A fully recyclable installation at Salone del Mobile 2019

Mycelium arches in garden Photo: Marco Beck Peccoz

In Milan’s verdant Orto Botanico di Brera garden, a strange kind of plant has taken root. Mushrooms, more specifically the root spore of mushrooms called mycelium, have sprouted into a series of arches that turn the garden into a whimsical wonderland of biomaterials.

Architect and MIT professor Carlo Ratti designed the recyclable installation called “The Circular Garden” for this year’s Salone de Mobile as an exploration of how mycelium can be used in architecture. Ratti is far from the first to use the wonder material—see David Benjamin’s spectacular mushroom tower from MoMA PS1’s emerging architects program—though his interpretation is impressive in its form and process.

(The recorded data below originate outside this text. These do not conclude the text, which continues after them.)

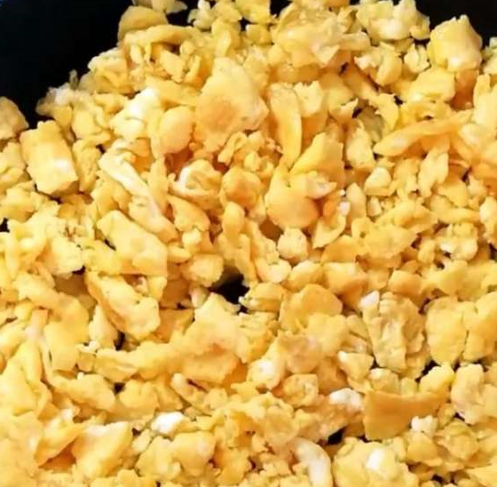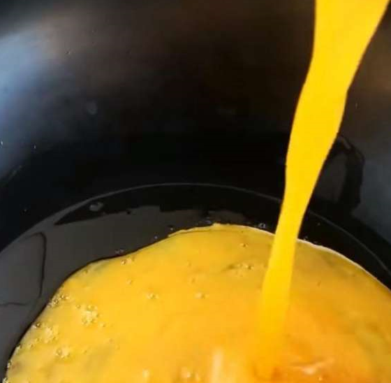 鍋中加入油燒熱,把雞蛋液下入鍋中炒,炒到雞蛋熟。
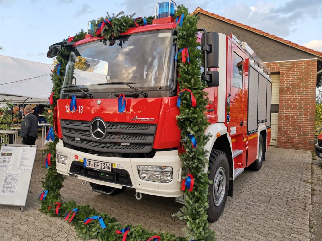 An die Feuerwehr Grußendorf wurde ein neues Löschfahrzeug (LF-KatS) übergeben, das ein durch Kurzschluss in der Fahrzeugelektrik in Brand geratenes und bereits ausgemustertes Fahrzeug ersetzt.
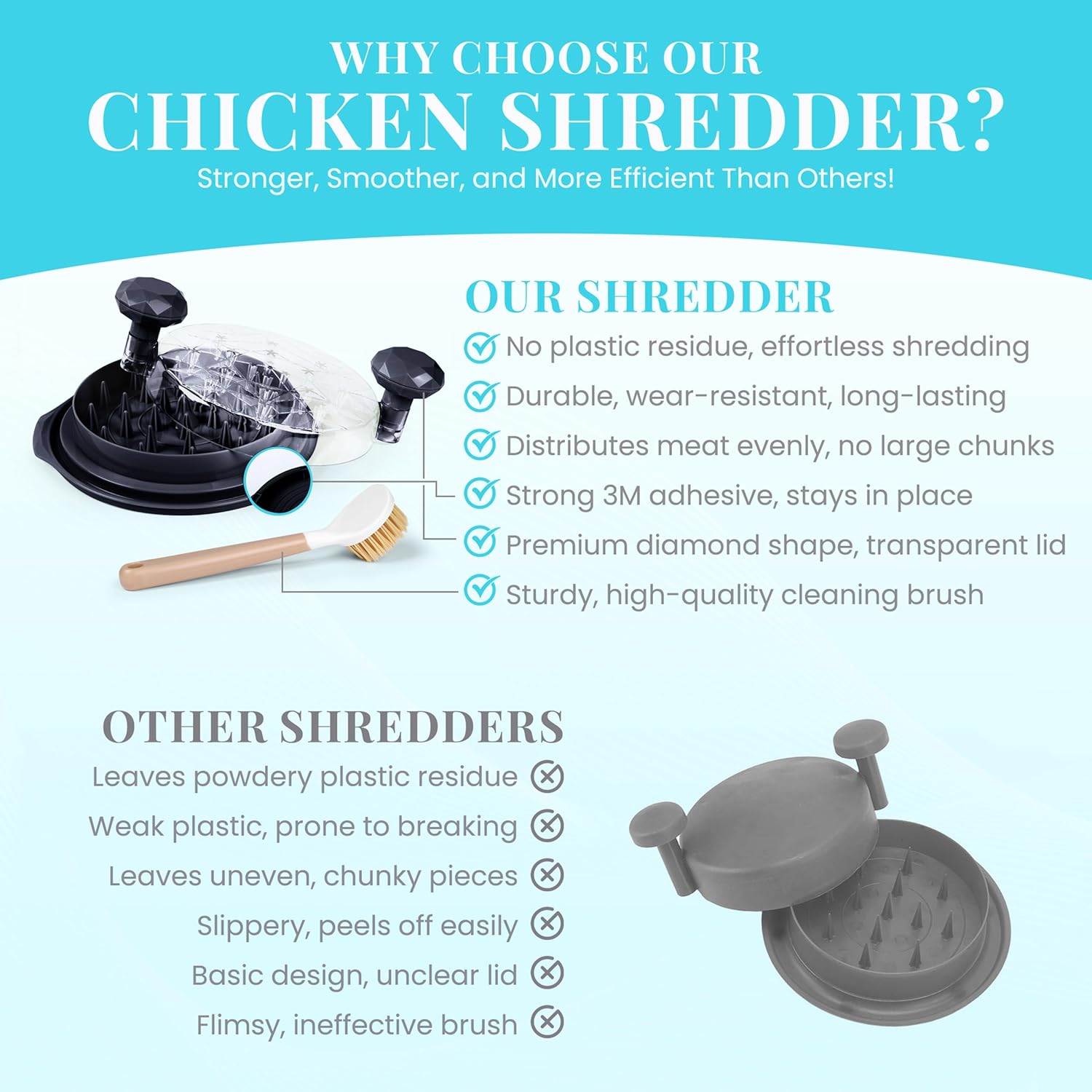 🐔🍗【Enhanced 10” Chicken Shredder】 This upgraded pro chicken shredder is designed with improved inner spikes that are sharper and sturdier for faster, effortless shredding. The anti-slip rubber base keeps the tool steady and secure during use, while the clear lid lets you watch the shredding process so you can achieve the perfect texture every time.
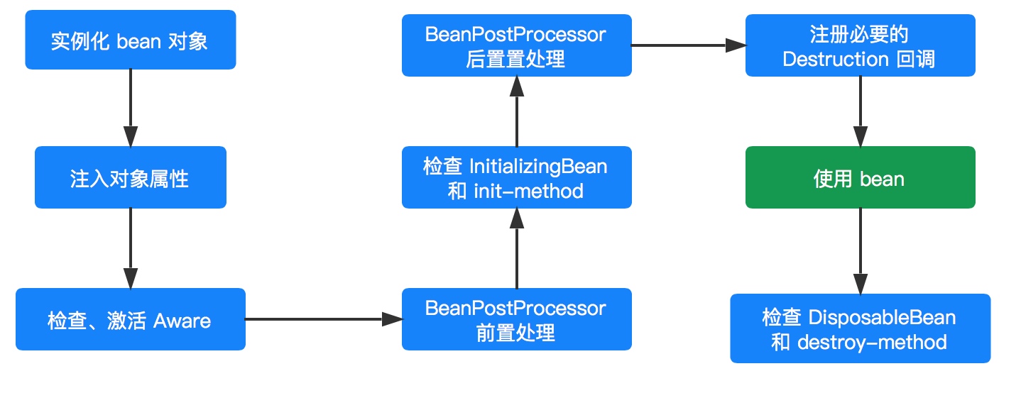 - 到这里一个 bean 也就完成了它的一生。
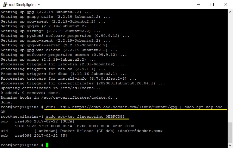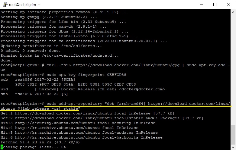그리고 나서 위 스크린샷의 노란색 선에 있는 명령어를 입력하는 것으로 정확하게 무엇무엇인지는 모르지만, 일단 도커를 가지고 놀기 위한 보조적인 프로그램들을 설치 하도록 합니다.
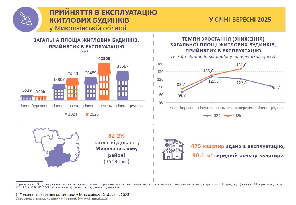 Інфографіка «Прийняття в експлуатацію житлових будинків у Миколаївській області у січні-вересні 2025 року» |

Arches in garden Photo: Marco Beck Peccoz

With help of Krown.Bio Lab, Ratti and his team grew more than a kilometer of mycelium in just two months. Ratti then bent the material into a series of 13-foot arches that are stabilized and tied together with rope.

Arches in front of large brick house Photo: Marco Beck Peccoz
Arches at night Photo: Marco Beck Peccoz

The installation is decidedly low-tech in its materiality, but it hints at a future when buildings can be programmed on a cellular level.

“What if tomorrow we might be able to program matter to ‘grow a house’ like a plant?” Ratti said to ArchDaily. It’s a provocative question that is still far from having a practical answer. But for the time being, a fully recyclable installation is impressive by itself.